Jim:  While SNOMED International might, in general, wish to avoid adding a large number of context-less adjectives to the qualifier value hierarchy, we have to consider their use in a particular information model - in this case a FHIR Resource. Resource elements provide comprehensive definitions as to their meanings and thus provide adequate context; so that the use of a qualifier value - bound to that resource element - has an unambiguous meaning. The current hierarchical structure of the qualifier values causes more confusion than benefit. The use of standardized (coded) values in value sets bound to a data element reduces the variability in representation of equivalent values where lexical and language differences exist.

The challenge comes when SNOMED CT users try to find appropriate qualifiers to use in value sets and choose words instead of looking at the location in the terminology to determine the implied meaning. For example, the term "above" is a synonym for the concept 352730000 |Supra- (qualifier value)|, which is a topographic modifier. This then restricts the use of that "word" to a specific context.

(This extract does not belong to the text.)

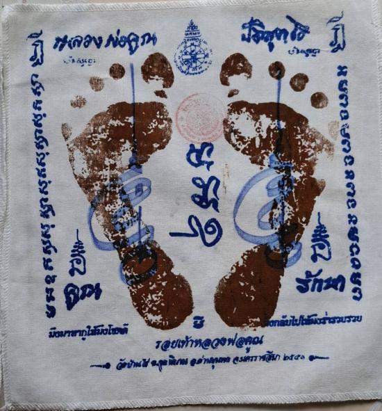 ผ้ายันต์ รอยเท้า ( พร้อมรอยจารหลวงพ่อทอง วัดบ้านไร่ เมตาจารหมึกให้ครับ )
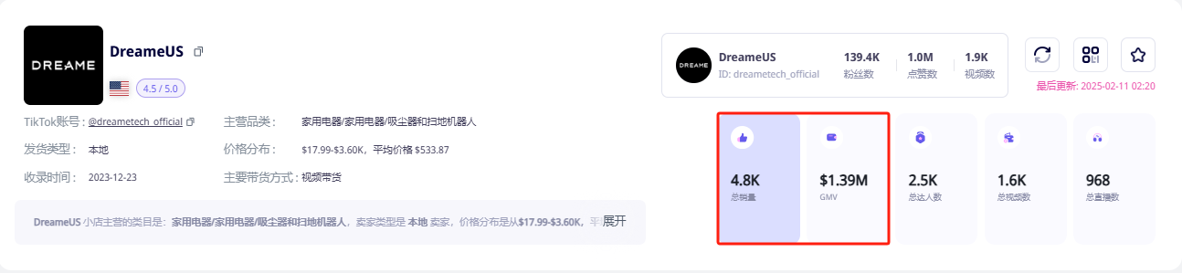 截至目前,通过视频带货,追觅在TikTok美区小店的销售额已经接近139万美元。

If we look at some of the terms requested by HL7, such as "resolved", this could have many meanings, but when it is bound to a specific data element, the intended meaning is clear. It would be unmanageable to try and represent all of the intended meanings of the word "resolved" in SNOMED CT and would provide little benefit to users since the meaning is intrinsic to its use in the information model. The information model itself completes the full semantics of an instance of a data element. Since values from a particular element binding should usually not be mixed with values from another element, there is little risk for erroneous analytical results.

We are never going to stop users from using the same word to mean different things in their implementations, but we can at least provide them with the words they need in a standardized way. However, I do not believe we should go down the path of creating findings, nor do I recommend the use of clinical findings for these types of ordinal/nominal value sets.

As for the hierarchical relationships of qualifier values, these too are context dependent and should not be instantiated in SNOMED, CT since the needed hierarchical relationships would be inferred from the element binding.  This, in essence, means that the definition of the hierarchy within a value set would need to be used for subsumption testing as opposed to relying on the SNOMED CT hierarchy.